Piques said she has been particularly shocked by the questions about
Gisèle Pelicot’s sex life, including “whether she was into swinging
or threesomes, when this woman was drugged and unconscious.”
Gisèle Pelicot has shown remarkable calm and stoicism during the
trial, even throughout the most gruesome and explicit descriptions
of the abuse she suffered. But she grew exasperated on Wednesday
when defense lawyers questioned her about graphic images taken of
her that were shown in court for the first time. She had agreed to
their display because she said she hoped they would serve as
“undeniable evidence.”
“I understand why victims of rape don’t press charges,” Pelicot told
the five judges after a lawyer asked if she wasn't hiding any
unusual sexual “tendencies.”
“I’m not even going to answer this question, which I find
insulting,” she responded, her voice breaking.

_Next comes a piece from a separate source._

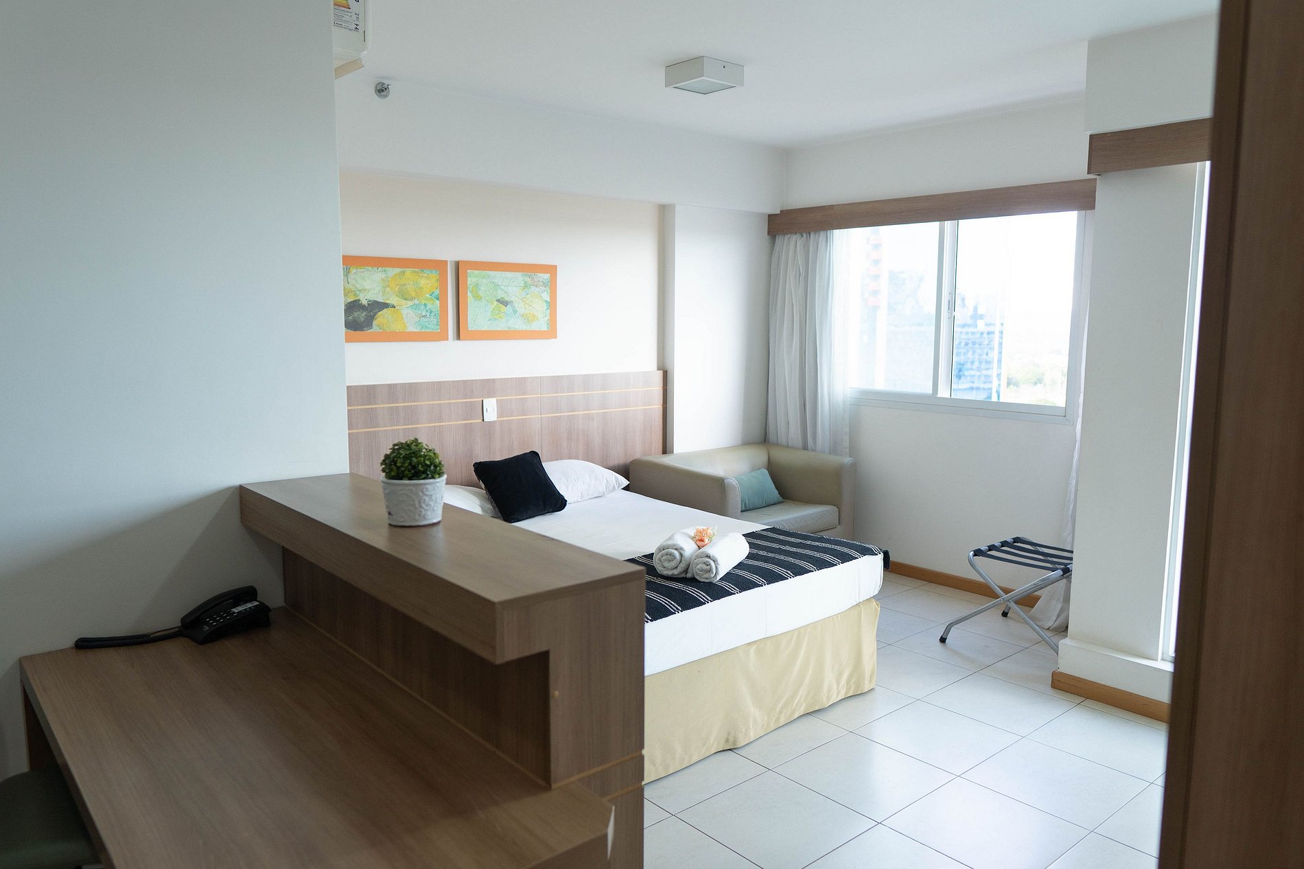 Acomodação 6º andar: Nossa equipe oferece uma experiência excepcional para os hóspedes. Com acomodações confortáveis, serviço de qualidade e atendimento humanizado, garantimos que sua estadia seja memorável. O flat, com 22m², possui ar condicionado e black-out para uma noite tranquila de sono. Além disso, o hotel conta com serviço de quarto 24hrs, roupas de cama limpas e higienizadas e um chuveiro incrível para um banho relaxante. E se caso preferir preparar sua própria comida, o ap possui cozinha compacta para refeições básicas, e geladeira para guardar o seus alimentos A recepção e segurança funcionam 24 horas por dia, proporcionando tranquilidade durante toda a sua estadia. Queremos que vocês se sintam em casa. Estamos prontas para oferecer um atendimento personalizado e garantir que todas as suas necessidades sejam atendidas. Com serviço de quarto e serviços de manutenção disponíveis quando necessário, você terá uma estadia confortável e conveniente.

She told the court that the first two weeks of the trial had been
harrowing, saying, “Since I’ve arrived in this courtroom, I’ve felt
humiliated. I am treated like an alcoholic, an accomplice. ... I
have heard it all.”
Pelicot has become a symbol of the fight against sexual violence in
France, and she's seen as a hero to many victims for waiving her
anonymity, letting the trial be public and appearing openly before
the media. She has attended every day of the trial, where she has
sat in a room full of men accused of raping her.

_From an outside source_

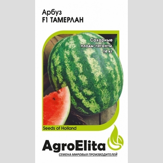 Высокоурожайный среднепоздний гибрид арбуза для теплиц, пленочных укрытий и открытого грунта (в южных регионах). Растение мощное, хорошо облиственное. Плоды очень крупные (средняя масса 14 кг), округлые, с высоким содержанием сахаров и превосходными вкусовыми качествами. Мякоть плотная, без пустот, ярко-красная, сочная, сладкая. Кора средняя, с расплывчатыми зелеными полосами на светло-зеленом фоне. Гибрид отлично транспортируется и обладает прекрасной лежкостью.

But despite the nauseating details that have emerged during the
trial, it hasn’t stopped some from minimizing the abuse, with the
mayor of the small community where the Pelicots lived, Mazan,
apologizing Thursday for suggesting in a BBC interview that things
could have been worse because “no children were involved” and
“nobody died.”
Such dismissiveness is pervasive in France's justice system,
Lafourcade said.
“We have a real problem with the judiciary's treatment of sexual
infractions, which is very painful for the victims and has a
chilling effect,” she said. “It discourages people from pressing
charges.”
Given how few cases are reported and how seldom the ones that are
end in convictions, only a tiny fraction of assailants actually go
to prison, Lafourcade said.
“And to reduce a crime, it is not the severity of the sentence that
counts," she added. "It is the fact of being certain of being
caught.”
Pelicot's supporters believe she is making a difference by
courageously facing the men accused of raping her and that broader
change is on the horizon.
“Before, we never would have questioned a lawyer and his line of
defense,” said Paris, the youth shelter worker. “But today society
is changing, people monitor what is happening and take into
consideration the suffering of others.”